On the face of it that’s a relatively low price-sales multiple, but one must take into account the fact that Mercury had been rocked by the accounting scandal and delisted from Nasdaq’s main market to boot.
There will be much pondering, too, as to whether Mercury’s software will be a hit at HP. We have already been contacted by one former disgruntled HP executive who ended up at the company after his software firm was acquired, and who noted that: “Their track record in everything related to software is disastrous: eSpeak, SoftBench, Bluestone, Verifone, etc. Nothing that they have done in this millennium would lead me to believe that they have learned anything from these previous fiascos.”

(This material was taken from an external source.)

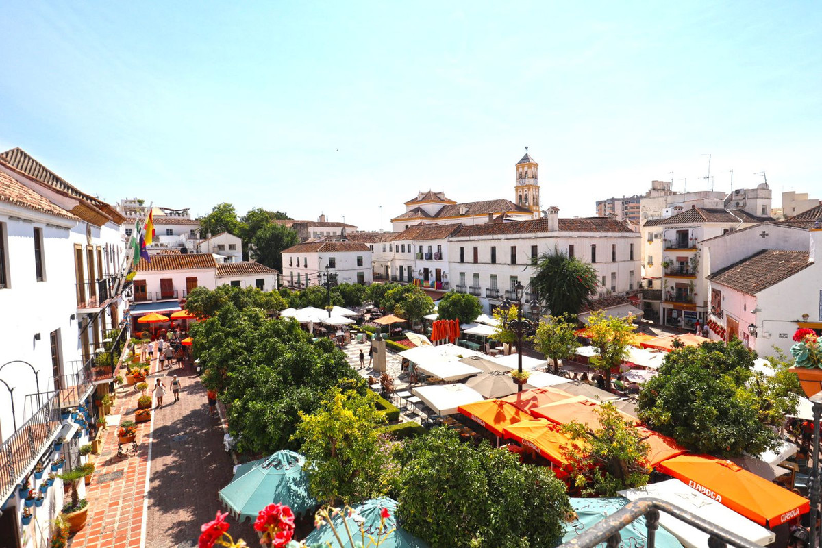Unique and unrepeatable purchase opportunity. Exclusive elegantly furnished apartment for sale, located in the historic center of Marbella and with wonderful views of its emblematic Plaza de Los Naranjos and the Hermitage of Santiago, the oldest in the city. It has its access through the busy street of La Estación and its charming shops. Formed by the union of 2 properties on the second floor, it has all the character of a typical house in the old town and at the same time with many details and luxuriously furnished. The property consists of an entrance hall, a distributor with fitted wardrobes, a large fully fitted and equipped kitchen, a large living room with access to 3 balconies with wonderful views of Plaza de Los Naranjos, 2 bedrooms and 2 bathrooms, one of them on suite room. 10 m2 warehouse included in the price. Hot and cold air conditioning in all rooms. A true jewel for lovers of the old town of Marbella and its corners.

It is true that HP’s track record in software is poor to say the least. This is particularly true in the middleware space where its strategy was to build its own, then partner with BEA, then buy Bluestone and continue to partner with BEA, then shut Bluestone and partner with all of the major middleware vendors instead.
But for all of its software shortcomings its OpenView systems management suite still has a good reputation in the systems, network and IT service management spheres, and has remained a reliable competitor to the chief rivals IBM, CA and Compuware.

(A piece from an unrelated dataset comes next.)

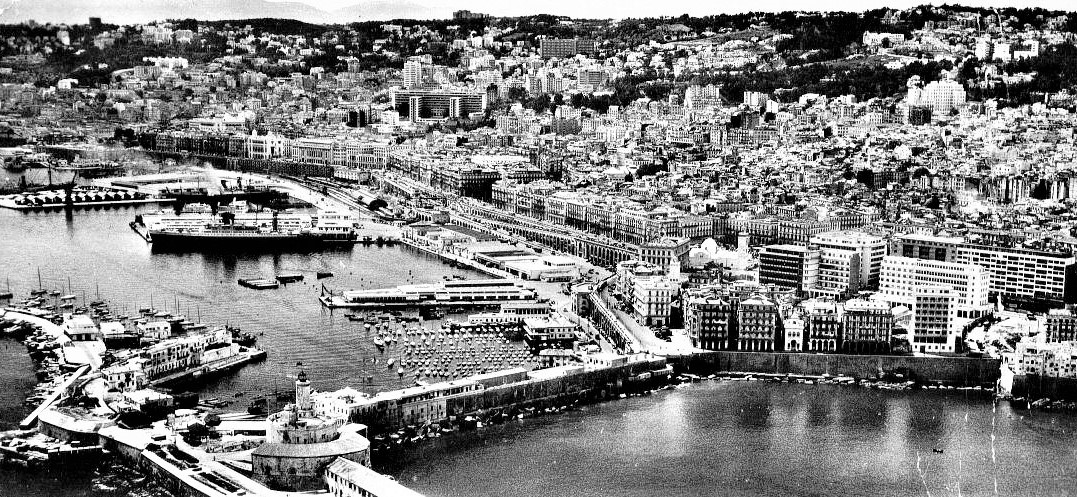 - Année 1960 : Vue d’une petite partie d’Alger la Blanche transformée par la France et les Pieds-Noirs, en seulement un Siècle, en l’une des plus grandes Cités portuaires modernes du bassin méditerranéen.

What it lacked though was the overarching management framework that provides a view not only of systems and network management but that offers senior IT personnel a dashboard view of all of their projects, and crucially tallies cost and time budgets with delivery.
This is what Mercury brings to the table. Sceptics would argue that HP has waited too long and so paid the price: Compuware bought IT governance with its $100m purchase of ChangePoint in May 2004, and CA bought into IT governance with the $350m purchase of Niku in June 2005. Even the beleaguered Borland saw the value in IT governance some time back, buying the admittedly small project portfolio management outfit Legadero in October last year.
But while IT governance is clearly one of the big reasons for the acquisition of Mercury, one should not forget that it was only a small part of its portfolio. Its bread and butter was automated software testing tools, to which it had gradually added application performance and availability management, moving from pre-deployment technology to applications that optimised applications after they had been put into production.
These technologies, added to its IT governance technology, were well marketed under the umbrella it called “Business Technology Optimisation”. Not only had it successfully managed to diversify beyond its testing tools roots while many of its rivals fell by the wayside (Segue’s acquisition by Borland being the latest example), but it did a relatively good job of educating the market about the importance of “quality” in software development and deployment.
It wasn’t for no reason that the company had become a Wall Street darling before its accounting scandal, consistently delivering exemplary revenue and profitability growth. As the firm’s chief marketing officer Christopher Lochead told me earlier this year, “We love our technology and we love beating the s**t out of our competitors.”
With its acquisition of Mercury, HP says it will almost double the size of its software business. But whether it is able to retain Mercury’s apparent passion for its BTO vision — let alone replicate Mercury’s exemplary marketing of that same vision — is a big question considering HP’s software acquisition history.
On a conference call to discuss the acquisition, HP chief financial officer Bob Wayman acknowledged that the ongoing restatement could potentially leave HP open to some liabilities: “We frankly cannot fully protect against some potential liability,” he said. From where we are standing, the question is not what liability Mercury poses to HP. The question is what liability HP poses to Mercury.